> **Dataset content**:
^^^^

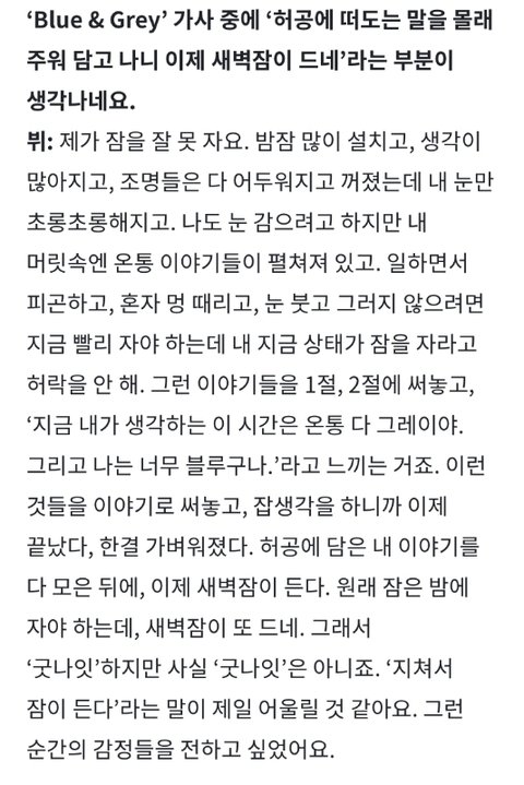 뷔: 어... 모르겠어요. 첫 번째 믹스테이프잖아요. 그래서 부담이 엄청 많이 돼요. ‘어떻게 하면 내가 만족할 수 있는 앨범이 될까?’라는 생각을 되게 많이 하고 있어요. 타이틀 곡도 타이틀 곡인데, 주위 사람들은 “이대로 넣어도 돼.”라고 얘기하지만 자꾸 뭔가 더 집어넣으려는 욕심이 많이 생기네요.
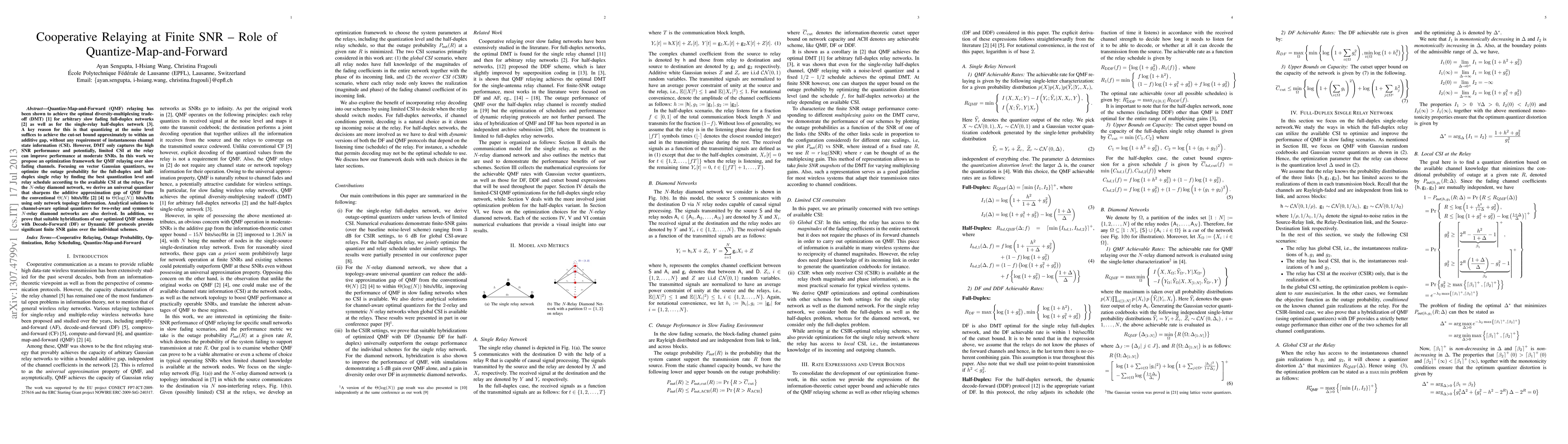 This paper explores optimizing Quantize-Map-and-Forward (QMF) relaying for both full-duplex and half-duplex networks at finite Signal-to-Noise Ratios (SNR). It proposes an optimization framework to minimize outage probability by determining optimal quantization levels and relay schedules based on available Channel State Information (CSI).
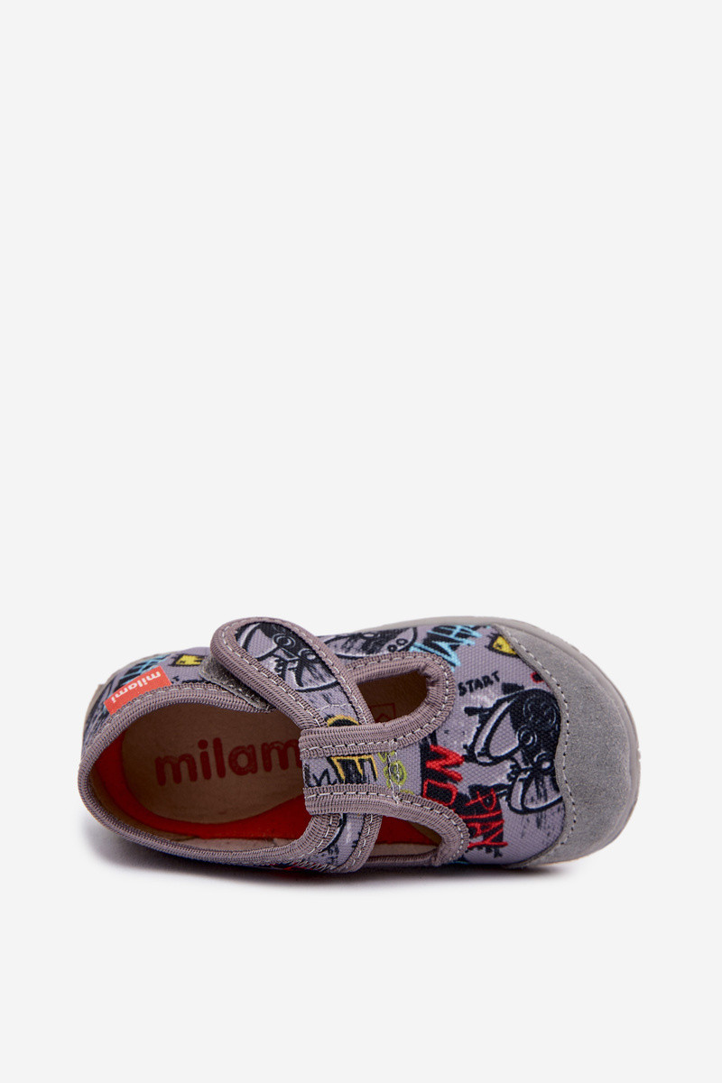 Papuče Milami deti s lepiacimi spojkami sivá Jasimrra

^^^^

> **Exercise goal**: The copy should match each line above exactly and contain no images.

> **The completed task**:
 뷔: 어... 모르겠어요. 첫 번째 믹스테이프잖아요. 그래서 부담이 엄청 많이 돼요. ‘어떻게 하면 내가 만족할 수 있는 앨범이 될까?’라는 생각을 되게 많이 하고 있어요. 타이틀 곡도 타이틀 곡인데, 주위 사람들은 “이대로 넣어도 돼.”라고 얘기하지만 자꾸 뭔가 더 집어넣으려는 욕심이 많이 생기네요.
 This paper explores optimizing Quantize-Map-and-Forward (QMF) relaying for both full-duplex and half-duplex networks at finite Signal-to-Noise Ratios (SNR). It proposes an optimization framework to minimize outage probability by determining optimal quantization levels and relay schedules based on available Channel State Information (CSI).
 Papuče Milami deti s lepiacimi spojkami sivá Jasimrra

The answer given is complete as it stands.